→ **Supplied data**:
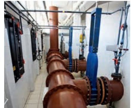
Rurociąg wody surowej z Zestawic

dzono samoczynną regulację prędkości filtracji za pomocą regulatorów hydraulicznych sterowanych olejem pod ciśnieniem.
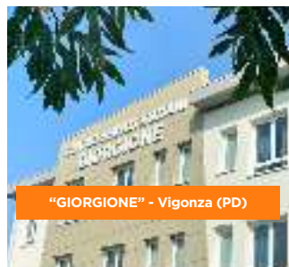
"GIORGIONE" - Vigonza (PD)
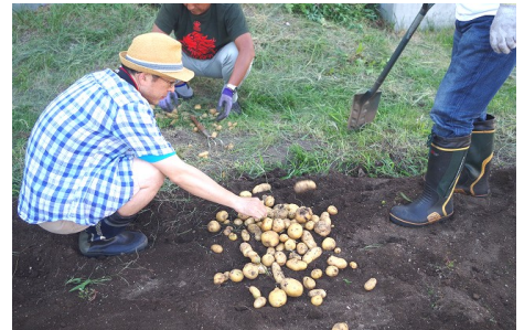
少し小芋が多かったかな
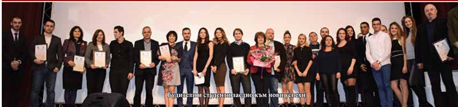
Будители и студенти заедно към нови успехи

На 30 ноември 2017 г. студентите и Студентският съвет от Русенския университет определиха за трета поредна годна Будители на Русенския университет 2017 г. В продължение на месец студентите имаха възможност да номинират хората, в които намират най-голямо вдъхновение, и при които усвояват най-пълноценно нужните знания за професионалното им развитие.
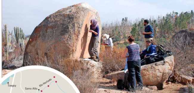
El equipo de arqueólogos liderado por Andrés Troncoso trabajó documentando los diseños en el valle del Limarí durante varias temporadas.
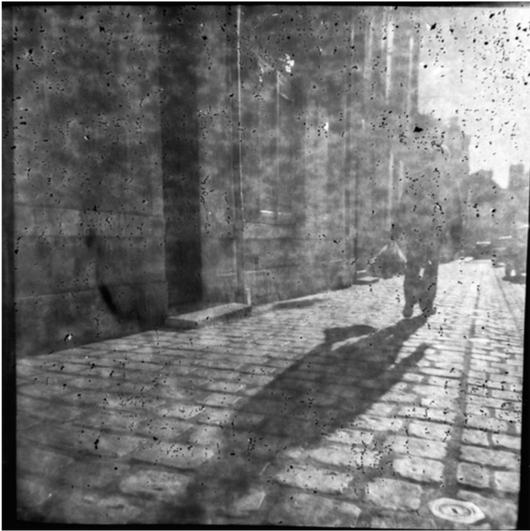
« L'ombre portée »
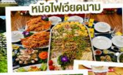
หม้อไฟเวียดนาม
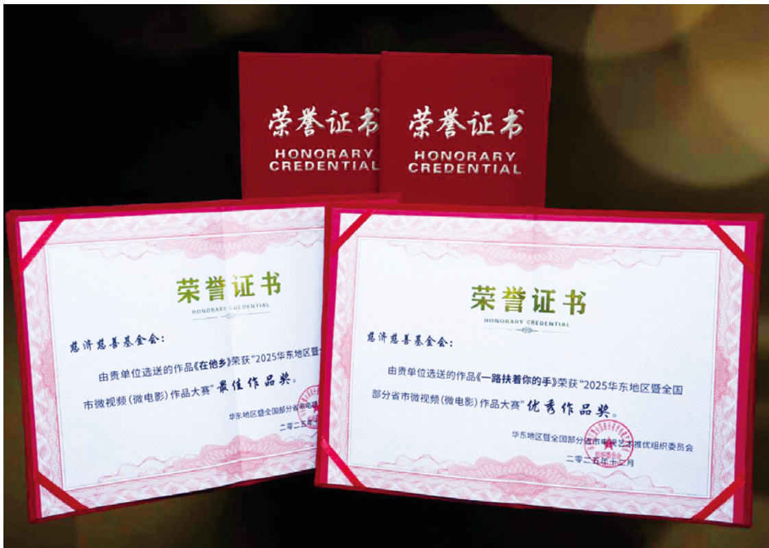
撰文/摄影 慈济基金会
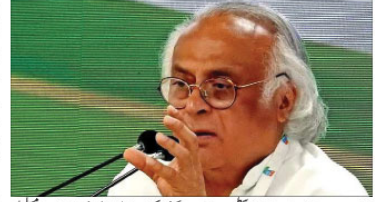
ای ڈی کارروائیوں پر سوالیہ ٹرمپ کے ہندوستان مخالف تبصرے پر پوچھ گچھ کا گمرگس نے ہریانہ کے خصوصی اجلاس کا بیجاٹ کیا مقرر ای اجلاس

نئی دہلی: جے رام ریش نے ہندوستان کے 7 ارکان کے بی جے پی میں انضمام پر جے رام ریش کا حملہ کیا۔ جے رام ریش نے ہندوستان کے 7 ارکان کے بی جے پی میں انضمام پر جے رام ریش کا حملہ کیا۔ جے رام ریش نے ہندوستان کے 7 ارکان کے بی جے پی میں انضمام پر جے رام ریش کا حملہ کیا۔ ای ڈی کارروائیوں پر سوالیہ ٹرمپ کے ہندوستان مخالف تبصرے پر پوچھ گچھ کا گمرگس نے ہریانہ کے خصوصی اجلاس کا بیجاٹ کیا مقرر ای اجلاس ای ڈی کارروائیوں پر سوالیہ ٹرمپ کے ہندوستان مخالف تبصرے پر پوچھ گچھ کا گمرگس نے ہریانہ کے خصوصی اجلاس کا بیجاٹ کیا مقرر ای اجلاس
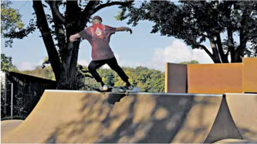
Skateranlage Sennfeld

Wir haben für eure Ferien zuhause einen guten Tipp: Habt ihr schon mal unsere Skateranlagen in den Mainbogengemeinden getestet? Pakt eure Räder und los geht's. Die Ferien sind lang! Verbringt doch eure Freizeit in Gochsheim, Grafenrheinfeld, Grettstadt, Röthlein, Schwebheim und Sennfeld. Hier stehen euch unterschiedliche Gerätschaften wie Mini-Ramps mit Spine und Wellen, Bank to Bank mit Rail und Ledge, Hip mit Ledge und
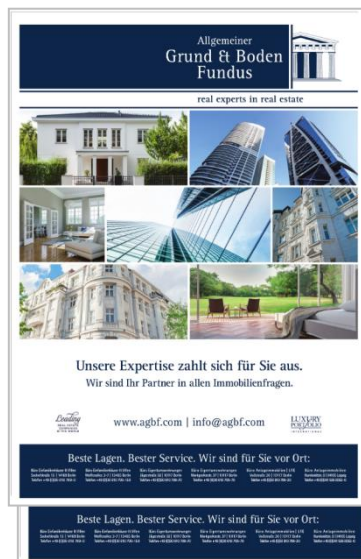
Durch die Mouseover-Funktion vergrößert sich Ihre Anzeige
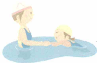
… 1期予定表 (16:50～18:50) …

▼問合せ 東山体育センター TEL80-0195 (豊田市宝来町4-758-10)
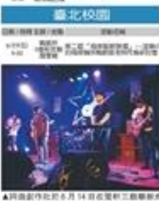
淡江大學音樂社在畢業典禮上表演，展現了對音樂的熱愛。
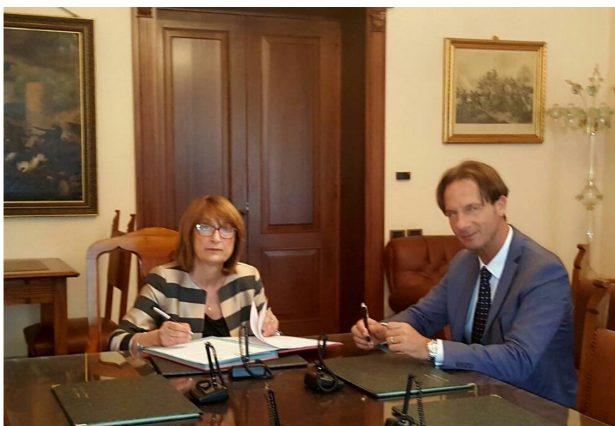
Firma patto sicurezza. A sx il prefetto di Teramo Patrizi e a dx il sindaco Mastromauro

A due sole settimane di distanza dal perfezionamento del Patto per l'attuazione della sicurezza urbana, siglato congiuntamente lo scorso 6 giugno dal prefetto di Teramo Graziella Patrizi e dal sindaco Francesco Mastromauro, la Giunta ha approvato il progetto per il potenziamento del sistema integrato di videosorveglianza urbana approntato sollecitamente dall'Ufficio sistemi informativi del Comune.
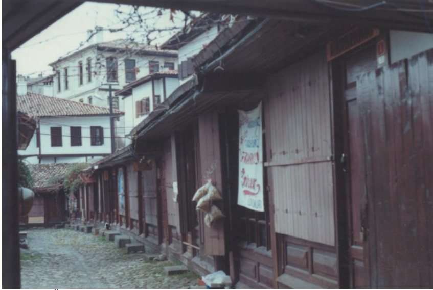
Üstte restorasyon öncesi; altta restorasyon sonrası ARASNA
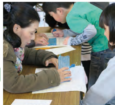
点字体験コーナー
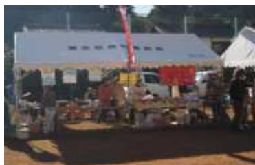
▲昔懐かしい駄菓子屋
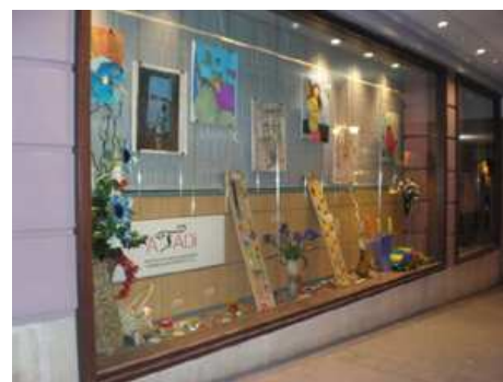
Los artículos de Atadi, en la Caja Rural.

Los organizadores de este V Encuentro valoran muy positivamente todos los actos programados y quieren agradecer especialmente la labor de los profesionales del Co-

→ **Instructions for the task**: How many lines of the records contain the string "Sennfeld"? Respond with the number alone.

→ **Output**: 2